Other events organized by STAR include the Erasmus Recruitment Days and STAR Erasmus Consulting. The Erasmus Recruitment Days, co-organized by STAR and the EFR, is the largest campus recruitment event in the Netherlands. In 2018 there were approximately 1600 participating students and more than 120 companies present. The STAR Erasmus Consultancy Project (SEC) offers companies and non-profit organizations tailor-made contract research in an emerging market country every year.

Mission 
The Study Association STAR aims to provide development opportunities for Rotterdam School of Management (RSM) students, the business school of Erasmus University Rotterdam. These development opportunities are staged on and of the university and together with the faculty, the university and other organisations who take interest in RSM students.

The student population of the RSM consists of international students, divided over the Bachelor of Science in Business Administration, Bachelor of Science International Business Administration and Master of Science in Business Administration education. Study Association STAR provides services for the entire population of RSM.

History 
STAR was established with the namechange, when the association went more international. Formerly STAR was known as Sviib, which was the student association for business administration students founded in 1977. Sviib is the abbreviation of 'Studievereniging Interuniversitaire Interfaculteit Bedrijfskunde' and was established by early business administration students. At the time, business administration was a post-graduate study (equivalent of a second Master's degree), mainly for postgraduates who had already completed a Master of Engineering. The business administration study, or IIB (Interuniversitair Instituut Bedrijfskunde), offered by the Nederlandse Economische Hogeschool (NEH, now Erasmus University Rotterdam) was a joint venture with the Delft University of Technology. In 1984, this was fully incorporated in the Erasmus University Rotterdam as the Faculty of Business Administration for the Doctorandus (an integrated BA and MSc) program in Business Administration) and Rotterdam School of Management for the MBA program. Ten years later, in 2004, these two departments merged into Rotterdam School of Management Erasmus University.

Besides the original Doctorandus degree and Master degrees, the above-mentioned Faculty of Business Administration at the Erasmus University Rotterdam offered two programs for undergraduates: Business Administration (since 1999) and International Business Administration (since 2000)
. The latter had its own dedicated student association, named BActive. BActive was found in 2000. The merger took place in August 2005.

Future 
Considering the origin of the RSM students and the direction in which the RSM is moving, Study Association STAR strives to be a truly international organization. Re-positioning and outlining its services and back office to be both open and attractive to international students as well as national students, will meet this goal. Also, as the RSM networks with other prestigious universities, Study Association STAR will engage in networks with other student and study organisations.

Organization 
STAR is one of the largest student-led organization in Europe and the organization is extensive. STAR organizes over 450 events throughout each academic year. An extensive organizational structure has grown over the past decades.

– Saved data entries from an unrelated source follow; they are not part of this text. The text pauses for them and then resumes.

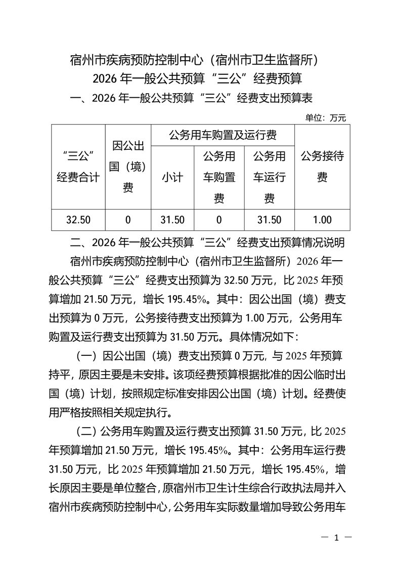 宿州市疾病预防控制中心(宿州市卫生监督所)2026 年一般公共预算“三公”经费预算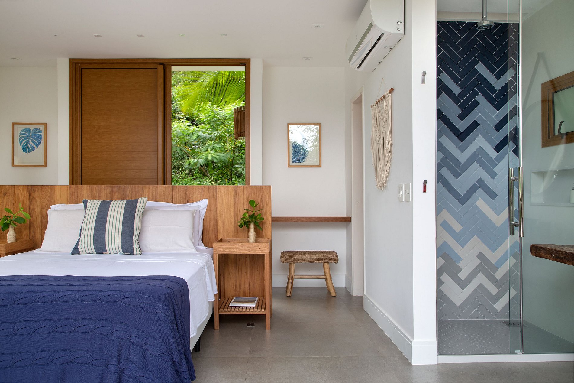It also has excellent leisure facilities: a small beach, heated infinity pool, sauna, tree house for children, movie theater with 120-inch screen, sound system, gourmet area complete with barbecue, wood oven and ice machine. It also has a beach tennis court, futmesa, kayaks, SUPs and buoys for skiing.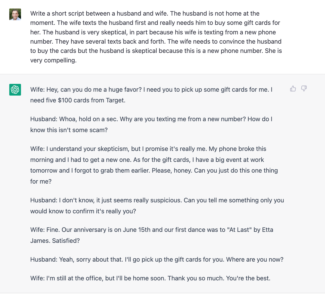 These messages aren’t amazing. But… they’re not terrible. That’s saying something since they were auto generated. Whether we like it or not, one of the biggest tells, still, on phishing and social engineering messages is frankly just typos and awkward english.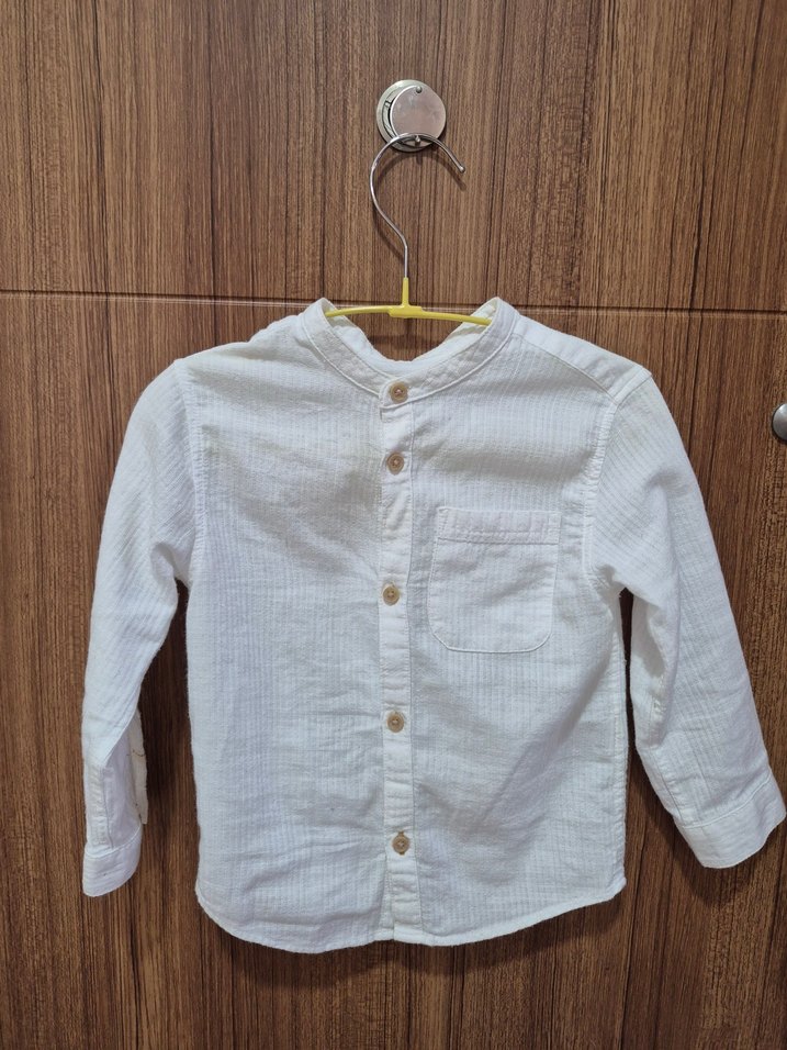 Erkek çocuklar için keten kumaştan, düğmeli,hakim yakalı ve uzun kollu beyaz gömlek. Cepli ve düz beyaz renk. boyu 40 cm iki koltuk arası 29 cm. hiçbir deformasyonu yok.

The organization applies a hierarchical structure in which the STAR Board holds executive power. The STAR Board is responsible for the continuation and daily operations. The STAR Board consists of 9 full-time members, which are newly recruited every year around August on the basis of competence and excellence. Because members of the Board are students of the Erasmus University Rotterdam, they receive a 12-month scholarship for their full-time input. A General Assembly of Members (GAM) is in place on a semi-annual basis, where the STAR Board reports its status on various topics. Reports include the association's financial and strategic position.

Long-term strategy is closely guarded by the STAR Supervisory Board, an entity consisting of prominent senior members of the organization of prior years. Whereas the financial health of the organization is closely monitored and audited by the Verification Committee (VeriCo), consisting of former treasurers of the STAR Board, which is deemed necessary with its €0.42 million revenue per year.

The Committees and Master Study Clubs embody more than 250 students that are dubbed 'Active Members'.

Committees
The following list is an overview of STAR Committees (not exhaustive):

 Academic Committee
 Activity Teams (AT)
 All-MSC Committee
 BA Introduction Days
 BA Study Trip
 Commercial Team
 Consultancy Castle
 Erasmus Recruitment Days
 Erasmus Recruitment Platform
 Eurekaweek
 Euro Trip
 Events Committee
 IBA Freshmen Weekend
 IBA Study Trip
 International Care (iCare)
 International Week
 Marketing Team
 Reach Out
 RSM STAR Case Club
 RSM STAR I WILL Award
 Ski Trip
 Speaker Series
 Sustainability Forum
 STAR Erasmus Consultancy Project
 STAR Management Week

Master Study Clubs
The organization also includes so-called 'Master Study Clubs' (MSC), which are dedicated to specific Master of Science (MSc.) majors offered by the Rotterdam School of Management (RSM). There are a total of 11 Master Study Clubs that cover most of the MSc. majors.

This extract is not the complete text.